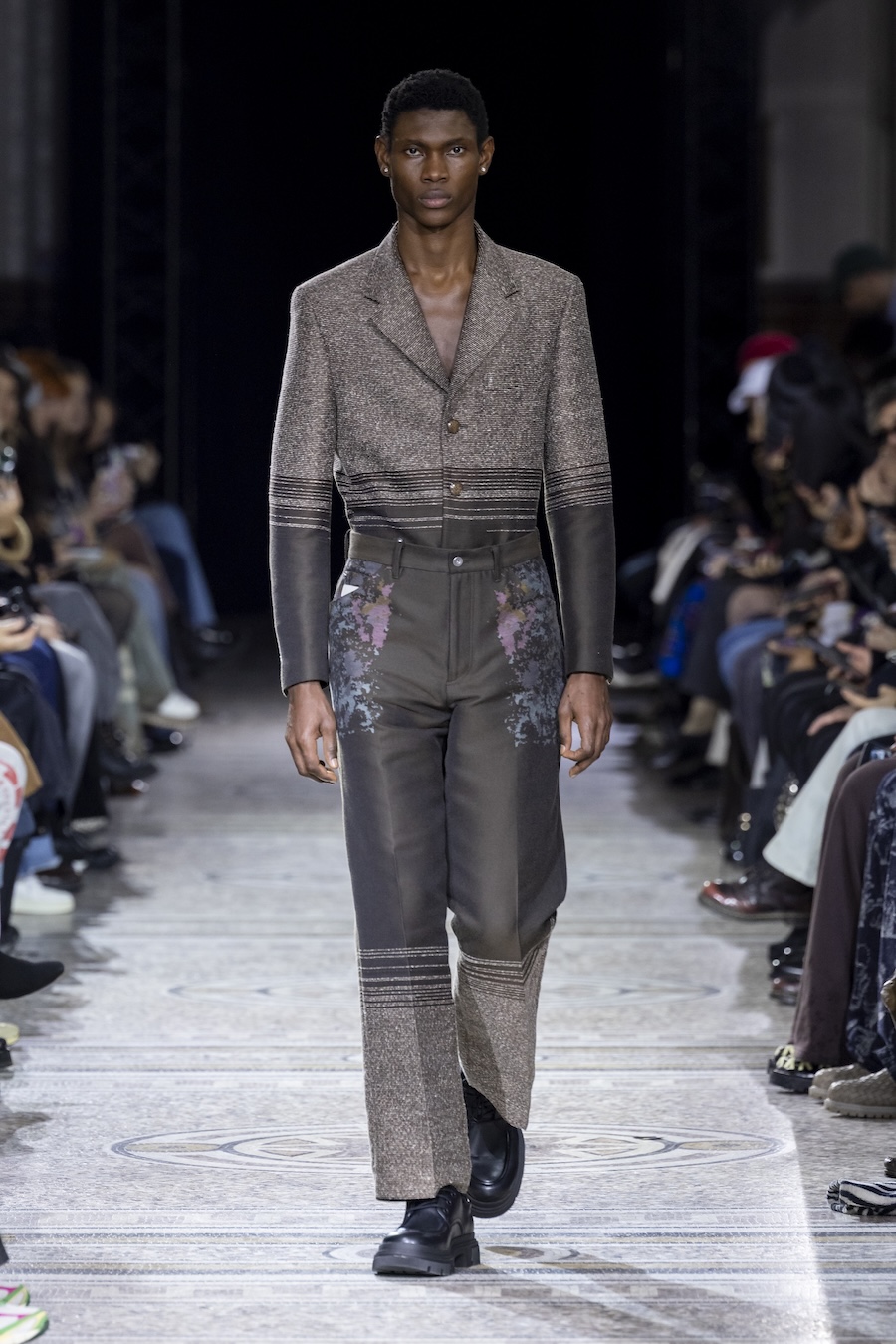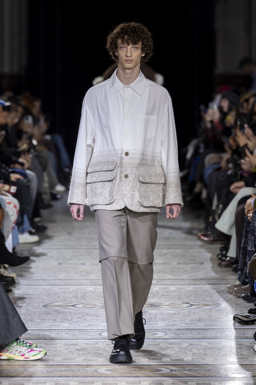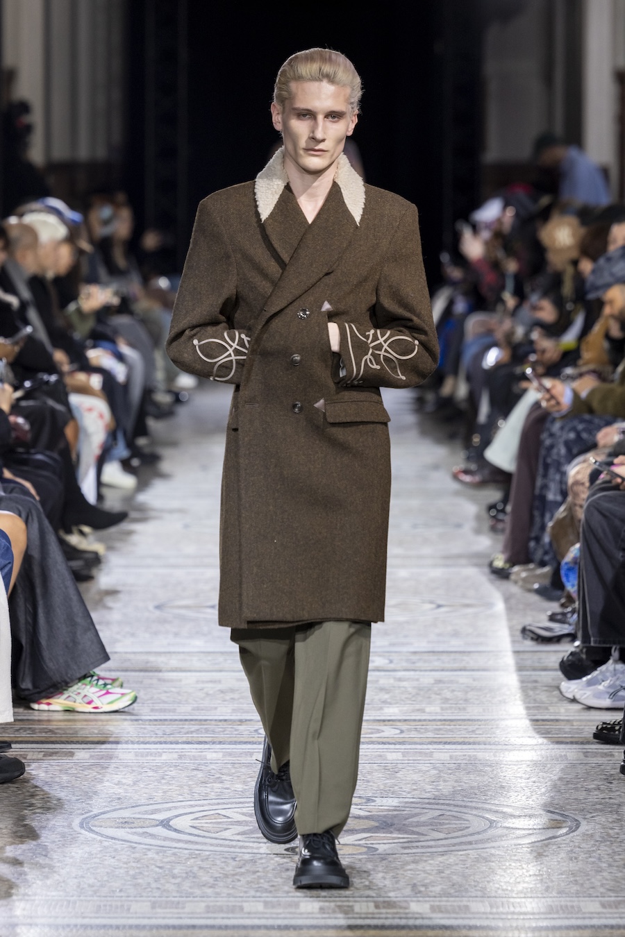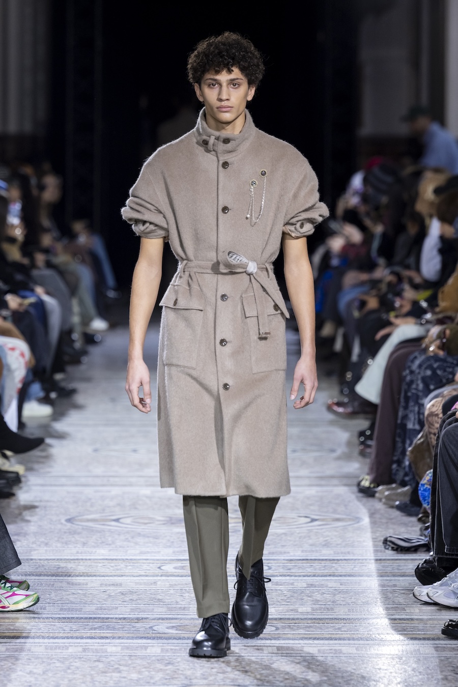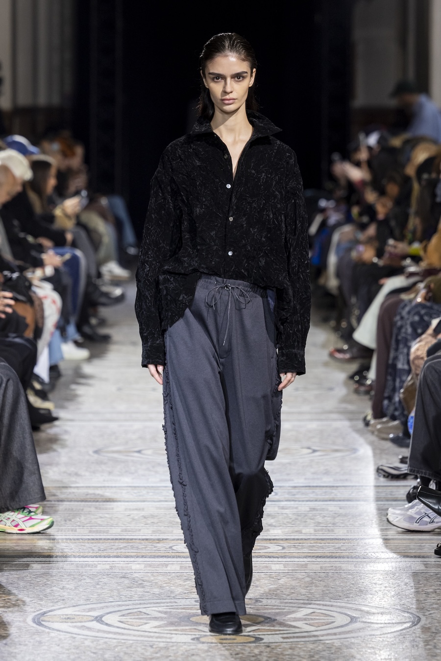 The FW26 collection offers an exploration of distinctive materials and exceptional techniques. Jackets and trousers are crafted in tama-ori silk, a traditional weaving method whose richness is accentuated through luxurious, refined finishes. The intricacies of the dyeing process reveal the nuances of artisanal craftsmanship, with textures that unfold gradually, creating subtle gradients within each garment.
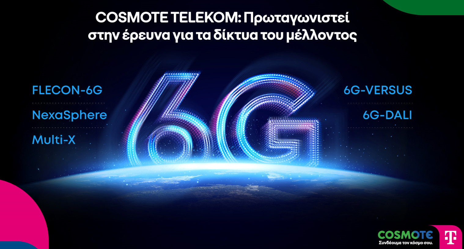 Με την ενεργό συμβολή της σε 15 ερευνητικά έργα για το 6G συνολικά, η COSMOTΕ TELEKOM ενισχύει τον ρόλο της στην διαμόρφωση του 6G οικοσυστήματος, συμμετέχοντας στην ανάπτυξη και αξιολόγηση μελλοντικών τεχνολογικών λύσεων, εμπορικών εφαρμογών και καινοτόμων επιχειρηματικών μοντέλων σε τομείς όπως τα AI-native δίκτυα, οι ενεργειακά αποδοτικές αρχιτεκτονικές, η ασφάλεια και οι κβαντικές επικοινωνίες.
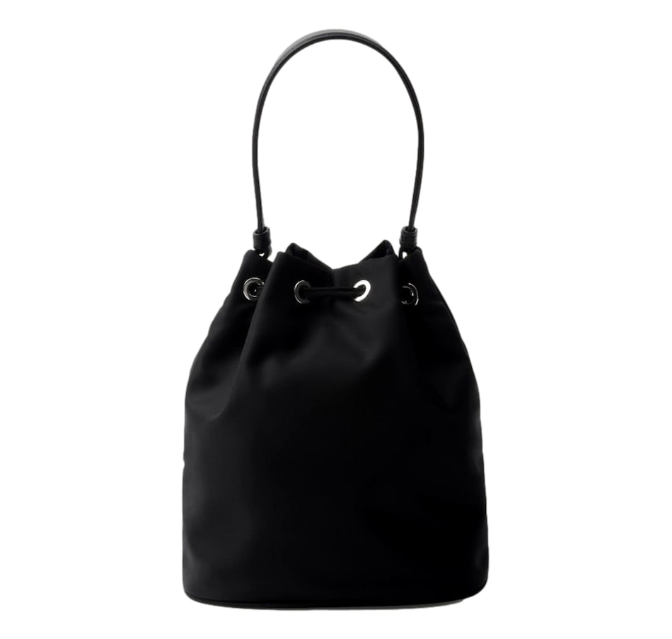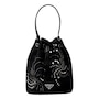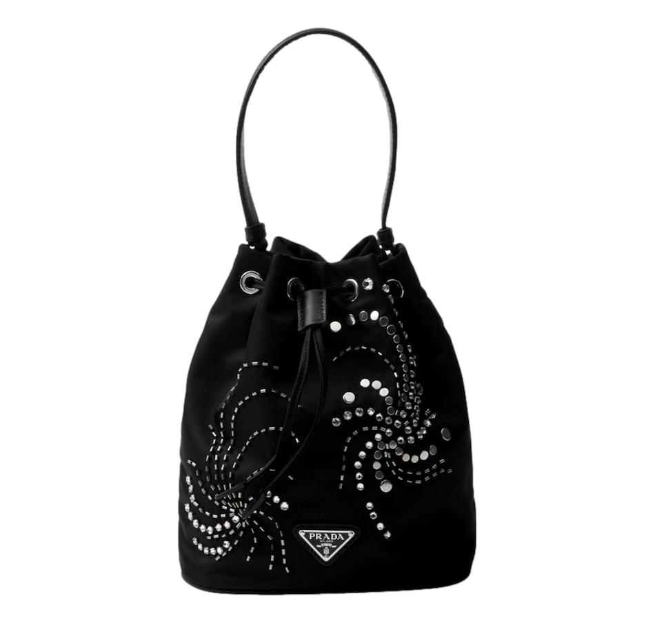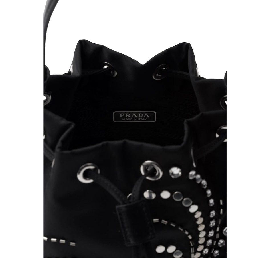 Delicately adorned and meticulously crafted, the Prada Re-Nylon Mini Drawstring Bucket Bag in Black Beaded Embroidery is a radiant expression of the house’s commitment to sustainability, craftsmanship, and modern opulence.

> _Work to be completed_
Please leave the images out and retype the rest of the material exactly.

> _Reply to the exercise_
 The FW26 collection offers an exploration of distinctive materials and exceptional techniques. Jackets and trousers are crafted in tama-ori silk, a traditional weaving method whose richness is accentuated through luxurious, refined finishes. The intricacies of the dyeing process reveal the nuances of artisanal craftsmanship, with textures that unfold gradually, creating subtle gradients within each garment.
 Με την ενεργό συμβολή της σε 15 ερευνητικά έργα για το 6G συνολικά, η COSMOTΕ TELEKOM ενισχύει τον ρόλο της στην διαμόρφωση του 6G οικοσυστήματος, συμμετέχοντας στην ανάπτυξη και αξιολόγηση μελλοντικών τεχνολογικών λύσεων, εμπορικών εφαρμογών και καινοτόμων επιχειρηματικών μοντέλων σε τομείς όπως τα AI-native δίκτυα, οι ενεργειακά αποδοτικές αρχιτεκτονικές, η ασφάλεια και οι κβαντικές επικοινωνίες.
 Delicately adorned and meticulously crafted, the Prada Re-Nylon Mini Drawstring Bucket Bag in Black Beaded Embroidery is a radiant expression of the house’s commitment to sustainability, craftsmanship, and modern opulence.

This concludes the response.